**The task**
After locating the line with "- Easy To Use:Simply", set down that line and all the lines that follow it, unchanged, to the end of the records; omit the pictures.

********************

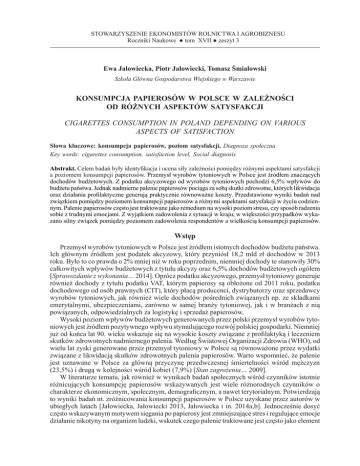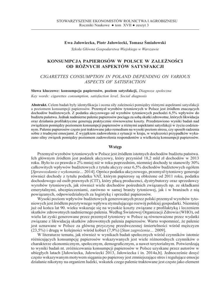 STOWARZYSZENIE EKONOMISTÓW ROLNICTWA I AGROBIZNESU Konsumpcja papierosów w Polsce w zależności od różnych aspektów satysfakcji Roczniki Naukowe ● tom XVII ● zeszyt 3 151 Ewa Jałowiecka, Piotr Jałowiecki, Tomasz Śmiałowski Szkoła Główna Gospodarstwa Wiejskiego w Warszawie KONSUMPCJA PAPIEROSÓW W POLSCE W ZALEŻNOŚCI OD RÓŻNYCH ASPEKTÓW SATYSFAKCJI CIGARETTES CONSUMPTION IN POLAND DEPENDING ON VARIOUS ASPECTS OF SATISFACTION Słowa kluczowe: konsumpcja papierosów, poziom satysfakcji, Diagnoza społeczna Key words: cigarettes consumption, satisfaction level, Social diagnosis Abstrakt. Celem badań były identyfikacja i ocena siły zależności pomiędzy różnymi aspektami satysfakcji a poziomem konsumpcji papierosów. Przemysł wyrobów tytoniowych w Polsce jest źródłem znaczących dochodów budżetowych. Z podatku akcyzowego od wyrobów tytoniowych pochodzi 6,5% wpływów do budżetu państwa. Jednak nadmierne palenie papierosów pociąga za sobą skutki zdrowotne, których likwidacja oraz działania profilaktyczne generują praktycznie równoważne koszty. Przedstawiono wyniki badań nad związkiem pomiędzy poziomem konsumpcji papierosów a różnymi aspektami satysfakcji w życiu codziennym. Palenie papierosów często jest traktowane jako remedium na wysoki poziom stresu, czy sposób radzenia sobie z trudnymi emocjami. Z wyjątkiem zadowolenia z sytuacji w kraju, w większości przypadków wykazano silny związek pomiędzy poziomem zadowolenia respondentów a wielkością konsumpcji papierosów. Wstęp Przemysł wyrobów tytoniowych w Polsce jest źródłem istotnych dochodów budżetu państwa. Ich głównym źródłem jest podatek akcyzowy, który przyniósł 18,2 mld zł dochodów w 2013 roku. Było to co prawda o 2% mniej niż w roku poprzednim, niemniej dochody te stanowiły 30% całkowitych wpływów budżetowych z tytułu akcyzy oraz 6,5% dochodów budżetowych ogółem [Sprawozdanie z wykonania… 2014]. Oprócz podatku akcyzowego, przemysł tytoniowy generuje również dochody z tytułu podatku VAT, którym papierosy są obłożone od 2011 roku, podatku dochodowego od osób prawnych (CIT), który płacą producenci, dystrybutorzy oraz sprzedawcy wyrobów tytoniowych, jak również wiele dochodów pośrednich związanych np. ze składkami emerytalnymi, ubezpieczeniami, zarówno w samej branży tytoniowej, jak i w branżach z nią powiązanych, odpowiedzialnych za logistykę i sprzedaż papierosów. Wysoki poziom wpływów budżetowych generowanych przez polski przemysł wyrobów tytoniowych jest źródłem pozytywnego wpływu stymulującego rozwój polskiej gospodarki. Niemniej już od końca lat 90. wieku wskazuje się na wysokie koszty związane z profilaktyką i leczeniem skutków zdrowotnych nadmiernego palenia. Według Światowej Organizacji Zdrowia (WHO), od wielu lat zyski generowane przez przemysł tytoniowy w Polsce są równoważone przez wydatki związane z likwidacją skutków zdrowotnych palenia papierosów. Warto wspomnieć, że palenie jest uznawane w Polsce za główną przyczynę przedwczesnej śmiertelności wśród mężczyzn (23,5%) i drugą w kolejności wśród kobiet (7,9%) [Stan zagrożenia… 2009]. W literaturze tematu, jak również w wynikach badań społecznych wśród czynników istotnie różnicujących konsumpcję papierosów wskazywanych jest wiele różnorodnych czynników o charakterze ekonomicznym, społecznym, demograficznym, a nawet terytorialnym. Potwierdzają to wyniki badań nt. zróżnicowania konsumpcji papierosów w Polsce uzyskane przez autorów w ubiegłych latach [Jałowiecka, Jałowiecki 2013, Jałowiecka i in. 2014a,b]. Jednocześnie dosyć często wskazywanym motywem sięgania po papierosy jest zmniejszające stres i regulujące emocje działanie nikotyny na organizm ludzki, wskutek czego palenie traktowane jest często jako element 152 Ewa Jałowiecka, Piotr Jałowiecki, Tomasz Śmiałowski strategii radzenia sobie z trudnymi emocjami, czy ucieczki od problemów [Cekiera 2005]. Wpływ czynników psychologicznych na konsumpcję papierosów oznacza istnienie związku pomiędzy poziomem zadowolenia, satysfakcji, szczęścia z różnych aspektów życia a paleniem papierosów [Mojs i in. 2009, Kuźmicka i in. 2012]. Dostępne w polskiej literaturze wyniki badań i ich opracowania w zdecydowanej większości koncentrują się na motywacjach palenia papierosów związanych z różnymi aspektami satysfakcji życiowej, przede wszystkim w odniesieniu do młodzieży lub wybranych dosyć wąskich grup zawodowych, głównie związanych z medycyną i edukacją [Kostiukow i in. 2007, Mojs i in. 2007, Kleszczewska, Jaszczuk 2008, Lewtak, Smolińska 2011]. W związku z powyższym celem badań, których częściowe wyniki przedstawiono w pracy, były identyfikacja i ocena siły zależności pomiędzy różnymi aspektami satysfakcji a poziomem konsumpcji papierosów. Materiał i metodyka badań Źródłem danych były wyniki badań Diagnoza społeczna, przeprowadzanych co 2 lata od 2000 roku przez Radę Monitoringu Społecznego [Czapiński, Panek 2013]. Wykorzystano najnowsze dane z 2013 roku. Obejmują one przetworzone i częściowo oczyszczone z błędów wyniki ankiet przeprowadzonych wśród 35 597 osób. Spośród nich 25 857 osób (72,6%) zadeklarowało fakt palenia lub niepalenia papierosów. Osób niepalących było 19 556 (75,6%), natomiast osób palących było 6301 (24,4%), wśród nich 6268 (99,5%) zadeklarowało liczbę papierosów wypalanych dziennie. W związku z tym w badaniach wykorzystano podzbiór bazy danych z 2013 roku obejmujący 25 824 osoby (72,6%), które zadeklarowały palenie lub niepalenie oraz liczbę papierosów wypalanych dziennie. W badaniach uwzględniono 16 aspektów satysfakcji: ze swoich stosunków z najbliższymi (Z1), z sytuacji finansowej rodziny (Z2), ze stosunków z kolegami (Z3), ze stanu swojego zdrowia (Z4), ze swoich osiągnięć życiowych (Z5), z sytuacji w kraju (Z6), z 
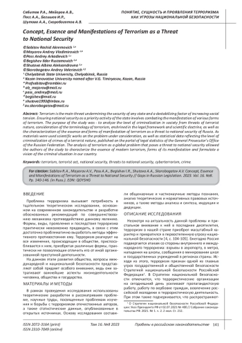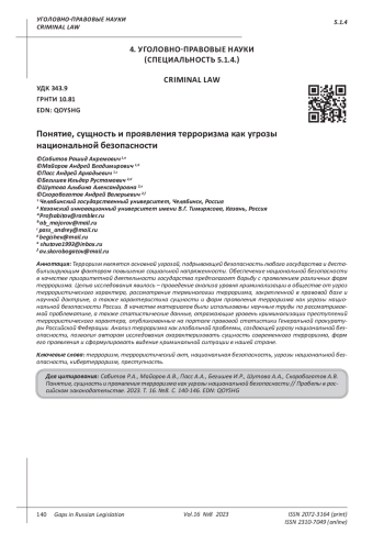 Терроризм является основной угрозой, подрывающей безопасность любого государства и дестабилизирующим фактором повышения социальной напряженности. Обеспечение национальной безопасности в качестве приоритетной деятельности государства предполагает борьбу с проявлением различных форм терроризма. Целью исследования явилось - проведение анализа уровня криминализации в обществе от угроз террористического характера, рассмотрение терминологии терроризма, закрепленной в правовой базе и научной доктрине, а также характеристика сущности и форм проявления терроризма как угрозы национальной безопасности России. В качестве материалов были использованы научные труды по рассматриваемой проблематике, а также статистические данные, отражающие уровень криминализации преступлений террористического характера, опубликованные на портале правовой статистики Генеральной прокуратуры Российской Федерации. Анализ терроризма как глобальной проблемы, создающей угрозу национальной безопасности, позволил авторам исследования охарактеризовать сущность современного терроризма, форм его проявления и сформулировать видение криминальной ситуации в нашей стране.
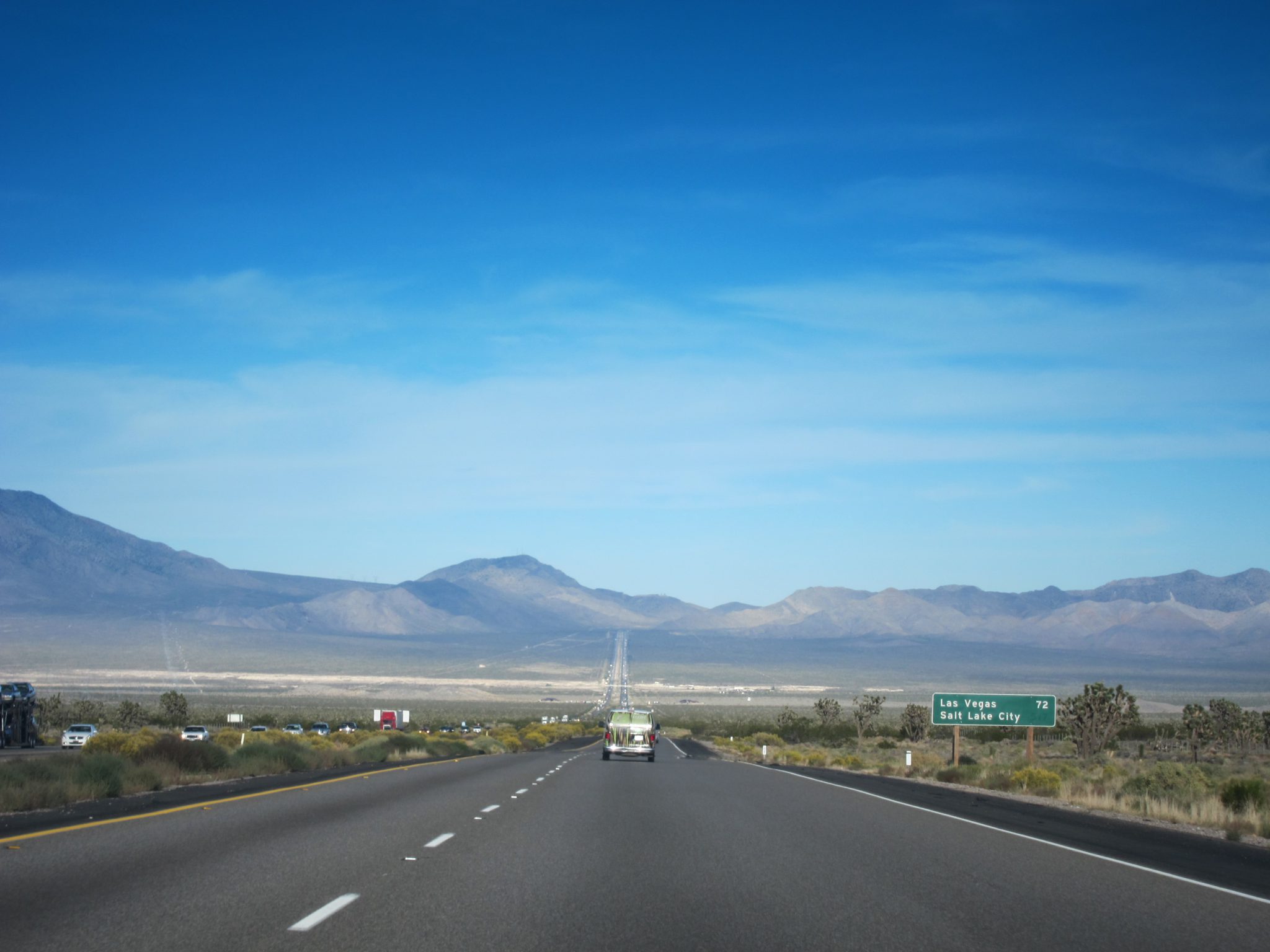 Nolemju braukt bez GPS, kas es nevarēšu atrast Lasvegasu. Ceļš ir skaists, tad vēl piestāju ceļmalā un par pāris dolāriem sapērku apelsīnus, greipfrūtus un guavas no blakus esošās birzs. Kādu brīdi viss iet tiešām labi, veicu piecas pareizas nogriešanās, līdz attopos pilsētā Palmdeilā, kurai man vajadzēja pabraukt garām. Nav labuma bez ļaunuma, jo šai vietā ieraugu mobilā telefona veikalu, kurā tieku pie ASV sim kartes un vietējā numura. Tad nu tomēr ieslēdzu GPSu un turpinu ceļu.
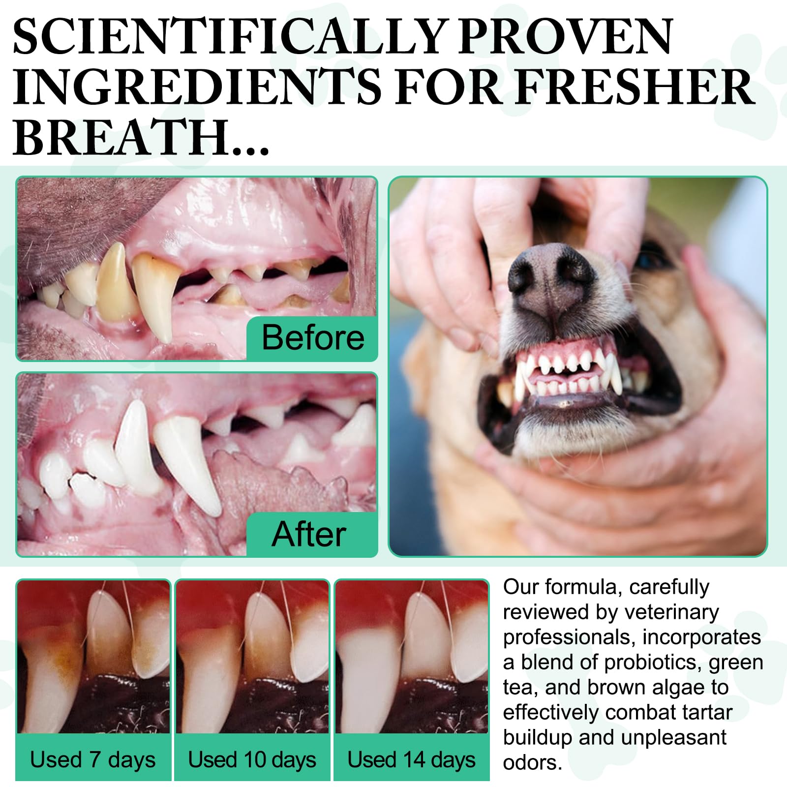 - Easy To Use:Simply add the powder to your dog or cat's food for fresher breath and healthy gums. A useful addition to your dog's daily oral care routine and great for dogs who are less inclined to brush their teeth
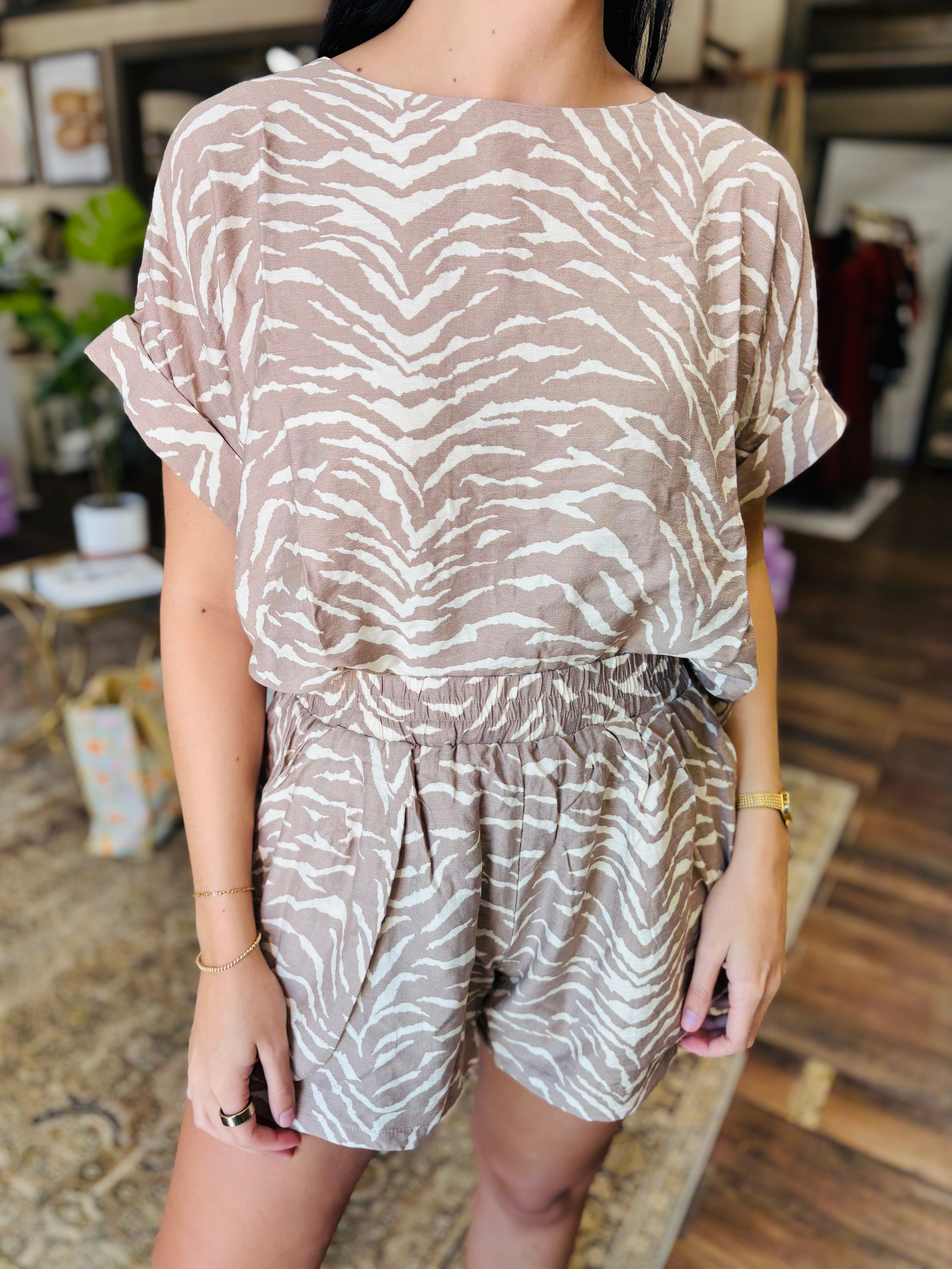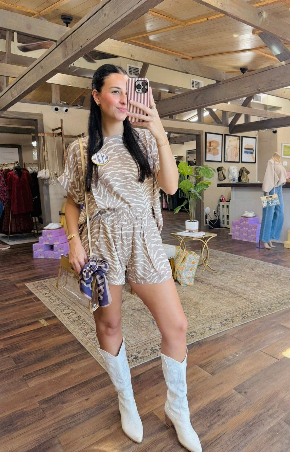 Step into fall with the playful Sahara Stripes set! Featuring a short-sleeve creme and brown top paired with tiger-striped shorts, this combo effortlessly transitions your look from sunny days to cozy vibes. Perfect for layering or wearing solo, it brings a fun, wild touch to your autumn style.

********************

**Result**
 - Easy To Use:Simply add the powder to your dog or cat's food for fresher breath and healthy gums. A useful addition to your dog's daily oral care routine and great for dogs who are less inclined to brush their teeth
 Step into fall with the playful Sahara Stripes set! Featuring a short-sleeve creme and brown top paired with tiger-striped shorts, this combo effortlessly transitions your look from sunny days to cozy vibes. Perfect for layering or wearing solo, it brings a fun, wild touch to your autumn style.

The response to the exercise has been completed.